(Task to carry out): Since the listing below shows pictures, leave them out and write out exactly the lines from the line with "Notre barre à" to the line with "Riviera conçue par", both included, and no others.

(Task material):
>>
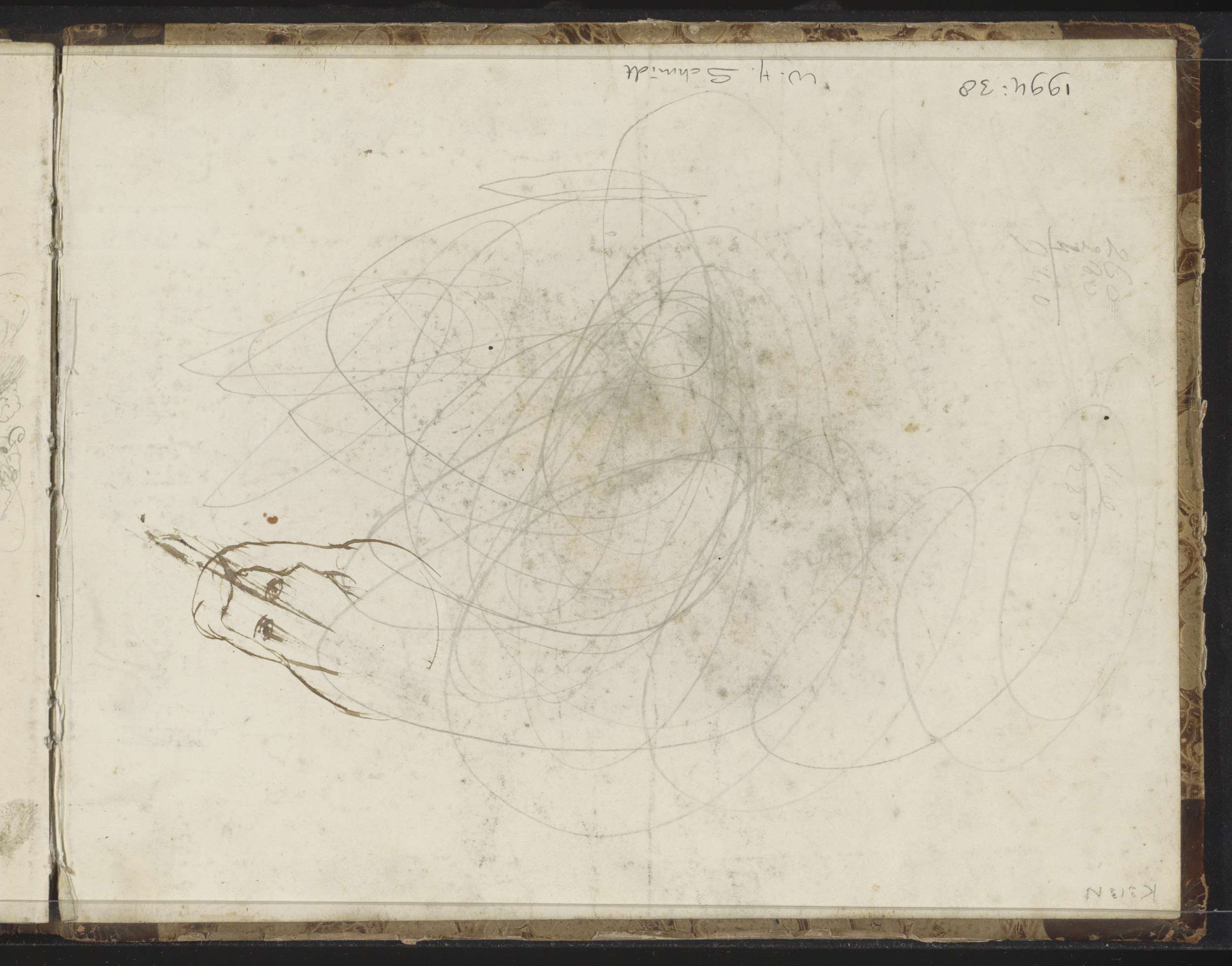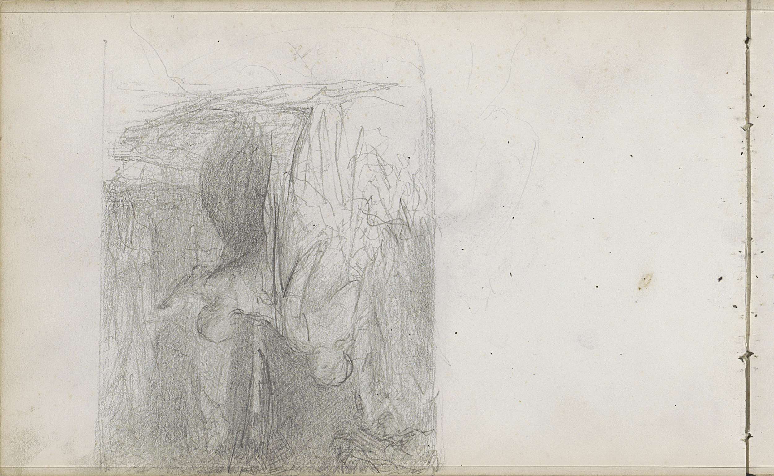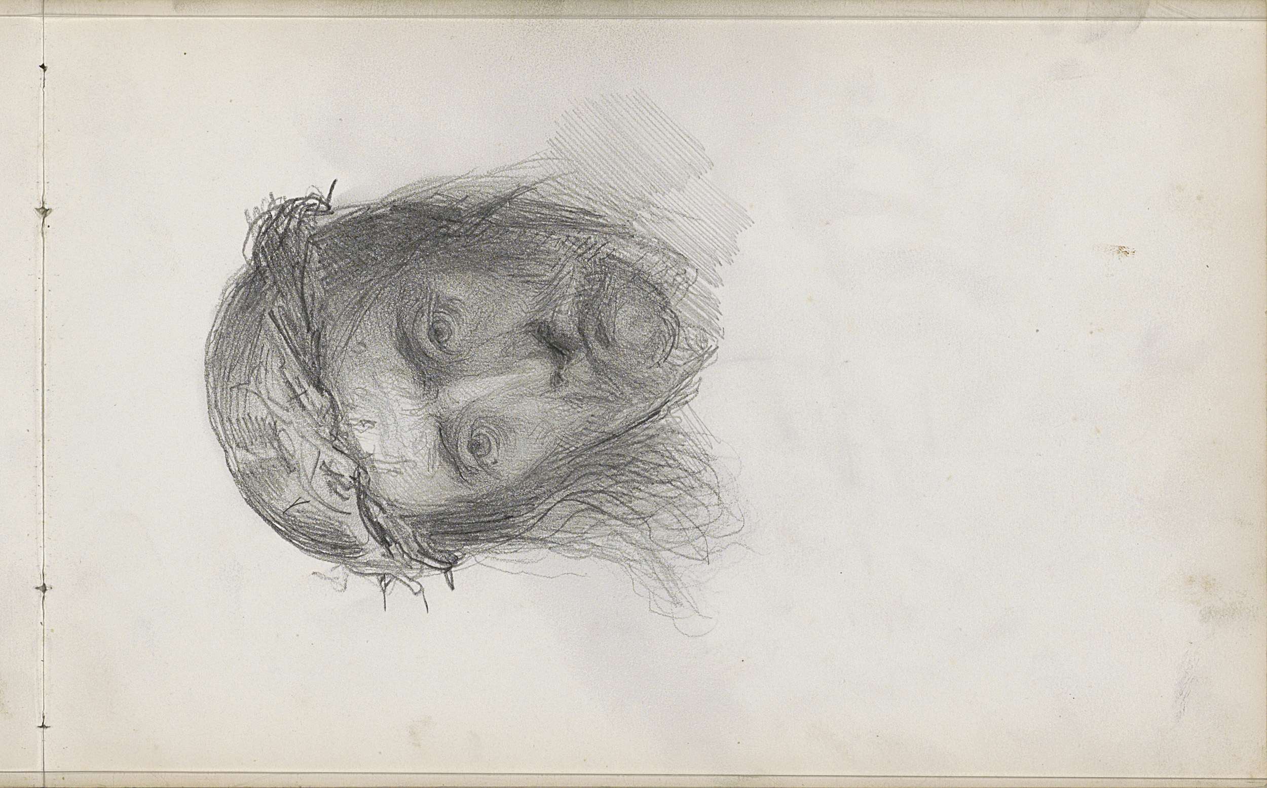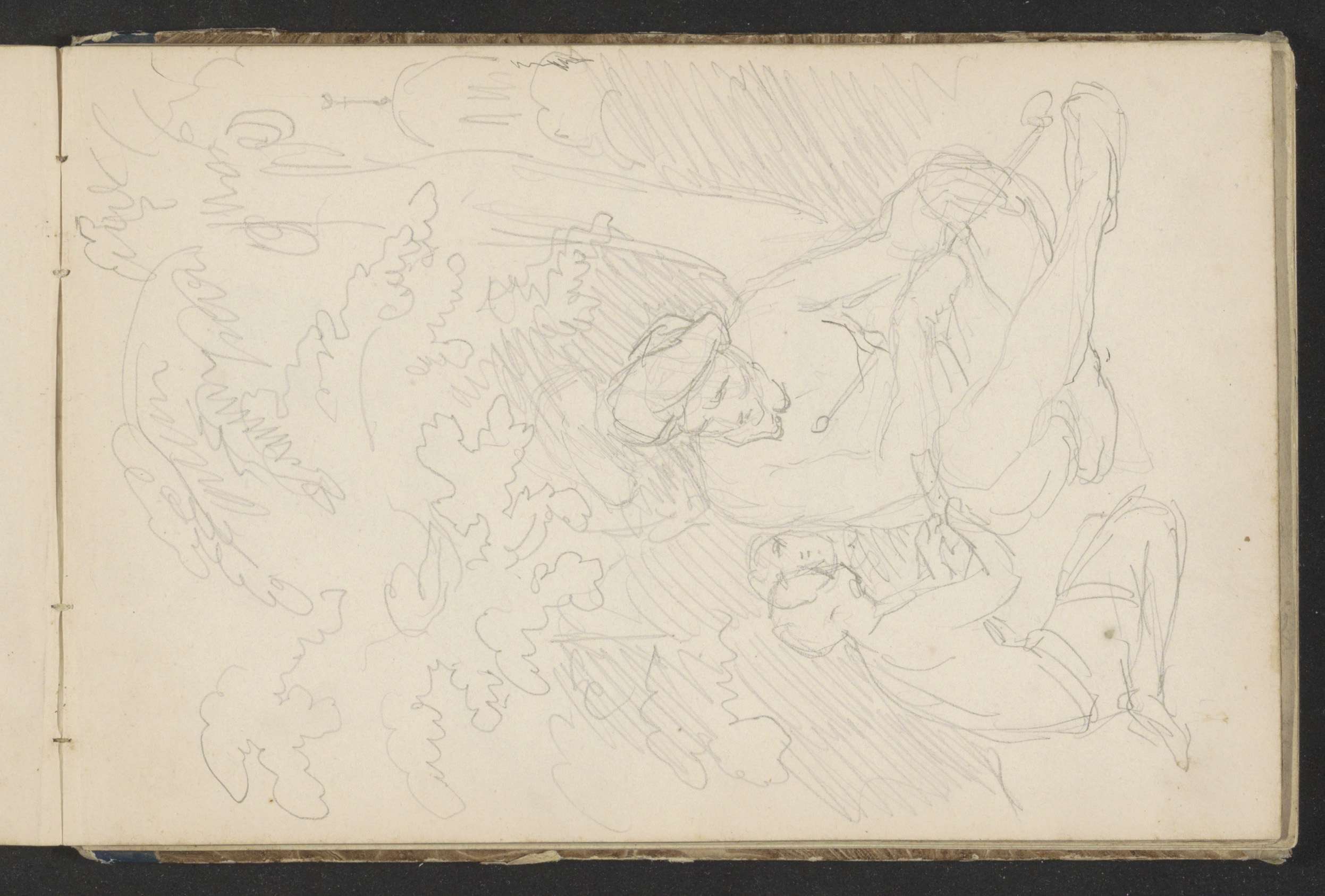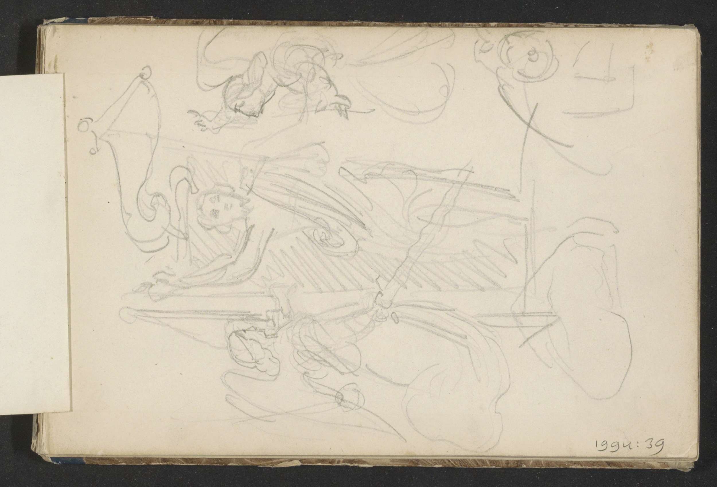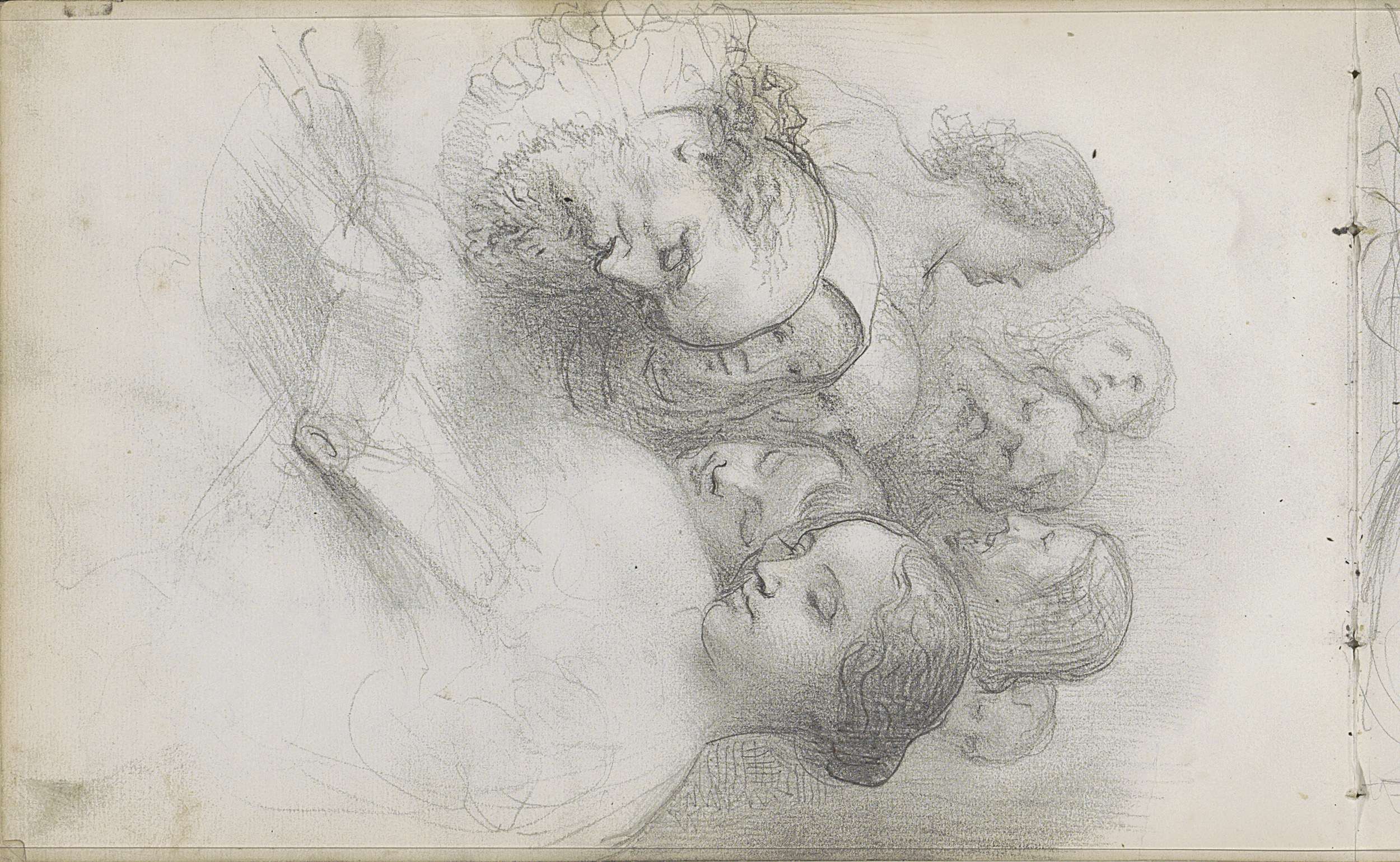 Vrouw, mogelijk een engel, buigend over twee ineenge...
<<
>>
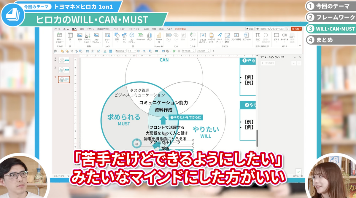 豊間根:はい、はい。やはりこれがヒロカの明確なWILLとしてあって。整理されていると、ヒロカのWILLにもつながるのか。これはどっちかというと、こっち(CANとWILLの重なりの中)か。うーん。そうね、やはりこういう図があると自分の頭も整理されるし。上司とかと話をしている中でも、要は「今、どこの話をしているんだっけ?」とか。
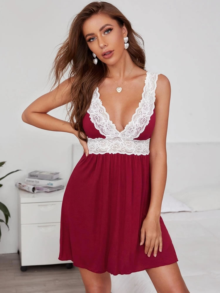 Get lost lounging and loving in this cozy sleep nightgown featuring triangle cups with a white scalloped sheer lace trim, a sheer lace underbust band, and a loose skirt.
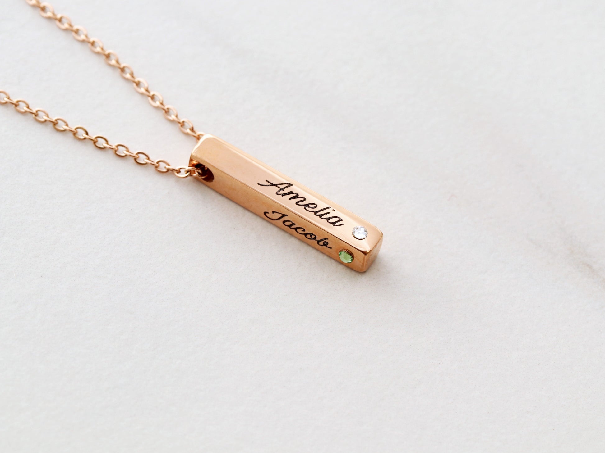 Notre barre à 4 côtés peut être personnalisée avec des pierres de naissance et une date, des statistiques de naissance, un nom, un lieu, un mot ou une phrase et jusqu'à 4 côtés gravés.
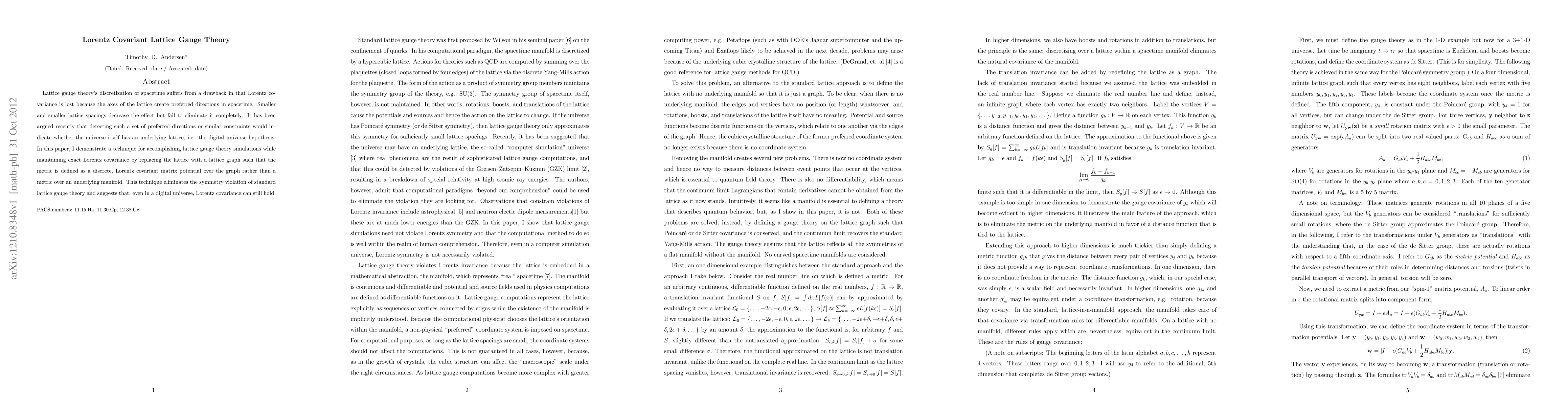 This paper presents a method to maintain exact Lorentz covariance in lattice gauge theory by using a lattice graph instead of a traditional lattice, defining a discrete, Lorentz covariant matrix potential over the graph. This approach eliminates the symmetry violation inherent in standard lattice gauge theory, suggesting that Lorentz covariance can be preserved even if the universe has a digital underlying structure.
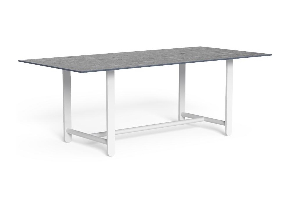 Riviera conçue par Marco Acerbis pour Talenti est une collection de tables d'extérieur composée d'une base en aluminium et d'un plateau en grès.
<<
>>
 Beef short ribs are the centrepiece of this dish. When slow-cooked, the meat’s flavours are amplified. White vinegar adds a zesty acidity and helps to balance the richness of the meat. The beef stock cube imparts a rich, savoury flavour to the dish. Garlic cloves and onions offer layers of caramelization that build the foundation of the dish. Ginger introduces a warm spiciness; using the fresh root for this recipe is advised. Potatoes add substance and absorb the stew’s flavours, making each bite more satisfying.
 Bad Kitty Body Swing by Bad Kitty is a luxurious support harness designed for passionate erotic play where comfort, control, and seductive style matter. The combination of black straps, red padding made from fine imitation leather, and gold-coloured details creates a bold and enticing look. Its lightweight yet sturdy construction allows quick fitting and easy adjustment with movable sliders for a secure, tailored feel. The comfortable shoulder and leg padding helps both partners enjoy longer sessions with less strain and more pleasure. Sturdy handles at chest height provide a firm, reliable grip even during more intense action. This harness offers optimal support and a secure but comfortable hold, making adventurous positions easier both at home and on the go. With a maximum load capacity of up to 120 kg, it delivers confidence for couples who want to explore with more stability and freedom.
<<
(Written response):
 Notre barre à 4 côtés peut être personnalisée avec des pierres de naissance et une date, des statistiques de naissance, un nom, un lieu, un mot ou une phrase et jusqu'à 4 côtés gravés.
 This paper presents a method to maintain exact Lorentz covariance in lattice gauge theory by using a lattice graph instead of a traditional lattice, defining a discrete, Lorentz covariant matrix potential over the graph. This approach eliminates the symmetry violation inherent in standard lattice gauge theory, suggesting that Lorentz covariance can be preserved even if the universe has a digital underlying structure.
 Riviera conçue par Marco Acerbis pour Talenti est une collection de tables d'extérieur composée d'une base en aluminium et d'un plateau en grès.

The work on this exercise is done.